◆ **What to do**:
Starting with the line below that holds "Plecak MARINA, z" and stopping after the line that holds "Faretto led RGB", transcribe the lines exactly, leaving out all pictures.

◆ **Supplied entries**:
==*==
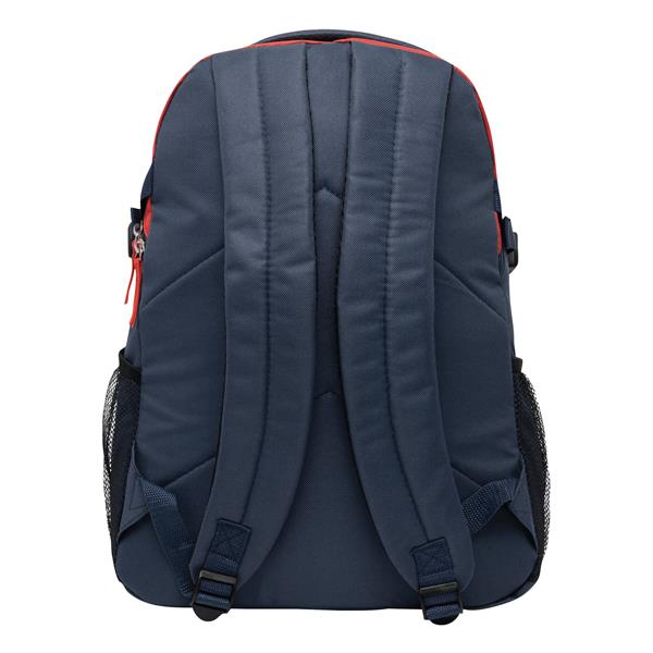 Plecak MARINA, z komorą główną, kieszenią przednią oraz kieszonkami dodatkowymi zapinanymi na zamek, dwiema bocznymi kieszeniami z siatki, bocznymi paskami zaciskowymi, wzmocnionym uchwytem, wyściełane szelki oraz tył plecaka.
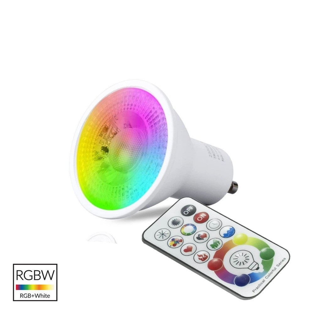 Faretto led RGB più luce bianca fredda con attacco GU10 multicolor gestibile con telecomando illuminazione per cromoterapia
==*==
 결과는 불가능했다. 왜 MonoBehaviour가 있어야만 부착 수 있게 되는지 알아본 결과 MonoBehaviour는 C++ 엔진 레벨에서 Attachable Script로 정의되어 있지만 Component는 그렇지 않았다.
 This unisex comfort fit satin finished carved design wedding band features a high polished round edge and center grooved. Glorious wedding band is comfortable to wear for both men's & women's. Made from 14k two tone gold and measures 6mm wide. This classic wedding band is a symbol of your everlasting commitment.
==*==
◆ **Solution to the problem**:
 Plecak MARINA, z komorą główną, kieszenią przednią oraz kieszonkami dodatkowymi zapinanymi na zamek, dwiema bocznymi kieszeniami z siatki, bocznymi paskami zaciskowymi, wzmocnionym uchwytem, wyściełane szelki oraz tył plecaka.
 Faretto led RGB più luce bianca fredda con attacco GU10 multicolor gestibile con telecomando illuminazione per cromoterapia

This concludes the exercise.